Setting up your plan

This introduction to the financial planning process is based on a series of four articles written for the Professional Yachtsmen’s Association biannual publication PYA News.

Making the most of your money

This introduction is designed to help yachtsmen understand the principles of financial planning and also to demystify some of the complex structures produced by the financial services industry, which will inevitably form part of such a plan!

The first question I am invariably asked is, do I really need to PLAN?

Let’s consider the financial life of a yachtsman:

Imagine a yachtsman aged around 25-30, earning around $30000 [or pounds] a year, who has decided that he is going to make the industry his career.

It's obvious that without any form of incremental pay rise [or inflation] that he will earn $ 600,000 [or pounds]over the next 20 years, if he is continually working.

But if we assume some sort of inflationary increase, say 3%p.a., the figure jumps to $ 830,2952.

If we assume 5%p.a. the total becomes $1,041,578!

It's worth noting that this doesn't allow for promotion, it assumes that in real terms he stays at the $ 30,000 p.a. level!

In my experience in dealing with yachtsmen, very few 30 year olds have realized that they are potential millionaires.

Of course the important thing is that, it's not just a question of how much you earn over the next 20 years but, how much you keep for yourself.

Anyone can spend the lot!

In reality, many yachtsmen have the ability to create financial independence for themselves at an early age.

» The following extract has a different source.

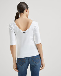 Refined materials and precious details enrich the versatile style of this stretch cotton ribbed jersey T-shirt. An essential element of a woman’s wardrobe, the garment is characterized by fitted proportions and a wide neckline. The shiny monili embroidery completes the design with a delicate sparkle in true Brunello Cucinelli style. MATERIALS A small percentage of spandex perfects the comfort of the lightweight and soft ribbed cotton jersey. DETAILS Wide neckline Regular shoulder Regular sleeve Nickel-free monili decoration 94% COTTON, 6% ELASTANE

Very few working expatriates (Yachtsmen) retire and do nothing.

A common desire is future financial independence, in other words an income (produced by a capital sum) that is not dependent on any outside influence, employer, or contract.

Ask yourself:

When do I want to achieve financial independence and where do I want to enjoy it?

Naturally the amount of capital that you can create to provide your financial independence is dictated to a large degree by the amount of money that can be saved over a period of time.

Many [not all!] yachtsmen have an ability to be able to save large amounts of their income, even over a short period of time, due to their lack of taxation and daily living costs.

Because of this, savings of between $ 1000 and $ 5000 a month can be achieved, depending of course at what level of income you are at.

Consider that an individual paying taxes, mortgages/rent, housekeeping etc. would need earnings of around $500,000 to save $ 60,000 a year.

Correspondingly savings of $ 12,000 a year would require an income well in excess of $ 100,000 p.a. in outside industry.

Earning this level of real income dictates that you plan your finances very carefully!

Consider also, the responsibilities involved.

Yacht Captains and crew are responsible for highly complex pieces of engineering with a capital cost of many millions of dollars.

The degree of responsibility continues on down to every level.

Individuals with this level of responsibility generally plan their finances very carefully!

Financial planning should be FUN.

By setting meaningful goals that is possible to create plans which can really make your dreams come true and your current work seem worth while.

If you want a million dollars in your future, it CAN be achieved, but you must PLAN for it!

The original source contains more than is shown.